Since $\vec{a} + \vec{b} + \vec{c} = \vec{0}$
$\Rightarrow \vec{a} + \vec{b} = - \vec{c}$
$\Rightarrow \vec{a} . \vec{c} + \vec{b} . \vec{c} = - \vec{c} . \vec{c}$
$\Rightarrow \vec{a} . \vec{c} + \vec{b} . \vec{c} = - c^{2}$ ….(1)
Similarly $\vec{a} + \vec{c} = - \vec{b}$
$\Rightarrow \vec{a} . \vec{b} + \vec{c} . \vec{b} = - b^{2}$ …(2)
Again $\vec{b} + \vec{c} = - \vec{a}$
$\Rightarrow \vec{b} . \vec{a} + \vec{c} . \vec{a} = - a^{2}$ …(3)

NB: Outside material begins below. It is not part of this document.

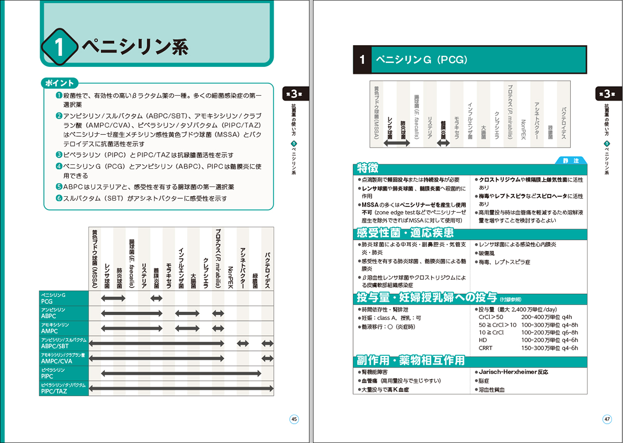本書では、原因菌–抗菌薬–感染症(感染源)の3つの観点から章立てが構成されており、表やリストによってこれら3つの観点の関連付けが効率よく整理できるようまとめられています。

Adding (1) (2) and (3), we get
$2 (\vec{a} . \vec{b} + \vec{b} . \vec{c} + \vec{c} . \vec{a}) = - (a^{2} + b^{2} + c^{2})$
$\Rightarrow (\vec{a} . \vec{b} + \vec{b} . \vec{c} + \vec{c} . \vec{a}) = - \frac{1}{2} (3^{2} + 4^{2} + 5^{2}) = - 25$
$\Rightarrow (\vec{a} . \vec{b} + \vec{b} . \vec{c} + \vec{c} . \vec{a}) = - 25$